On Friday, January 10, 2014 1:49:28 AM UTC-6, Mike Christie wrote:
>
> On 1/9/14 9:17 PM, Fred Smit wrote: 
> > I notice that Ubuntu has an installation option to install directly to 
> an 
> > iScsi target . 
> > 
> > I assume this means that the intelligence to boot a kernel with the 
> proper 
> > bootags passed in using the default initrd.gz can be px(bootp) e booted 
> > into a iscsi diskless environment? 
> > 
> > I recall trying iscsi booting years ago and the amount of work / 
> > infrastructure to get it working was overwhelming. 
> > 
> > 
> > ps. this is powerpc platform. not Intel. 
> > 
> > 
>
> I don't know the implementation details but it is either pxe boot or 
> some nics and systems have mini iscsi initiators that are used instead. 
> They use iscsi to bring in the kernel and initrd, then the initrd runs 
> iscsiadm/iscsistart which reads the iscsi settings the mini initiator 
> used and then uses that info to create a iscsi session for the rest of 
> the boot process. 
>
> RHEL/OEL and SLES has supported this for a while. 
>
> Is this IBM ppc box?
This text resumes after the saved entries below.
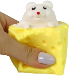.Wystarczy delikatnie ścisnąć kostkę sera dłonią, a ze środka szybko wyskoczy wesoła myszka, by po chwili znów się schować.
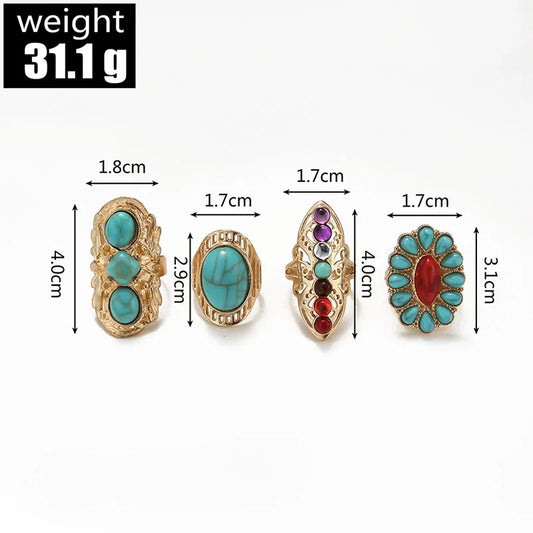 Vintage Antique Silver/Gold Color Rings Sets Colorful Opal Crystal Stone Carve for Women Men Bohemian Jewelry Anillos
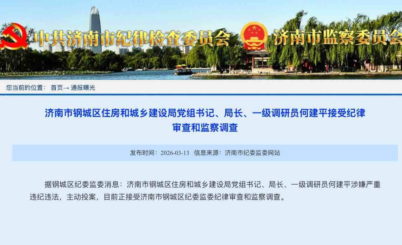 齐鲁网·闪电新闻3月13日讯 据济南市钢城区纪委监委消息:济南市钢城区住房和城乡建设局党组书记、局长、一级调研员何建平涉嫌严重违纪违法,主动投案,目前正接受济南市钢城区纪委监委纪律审查和监察调查。

If so then does your system have a mini iscsi 
> initiator on the system? In the open firmware is there some iscsi boot 
> setup stuff? There is some iscsiadm/iscsistart code for some IBM ppc 
> boxes, where you do not need to use pxe because it has a mini iscsi 
> initiator. It loads the initrd and kernel and from there the iscsi tools 
> read the iscsi settings/target from that open firmware tree and then use 
> that info to do the rest of the boot.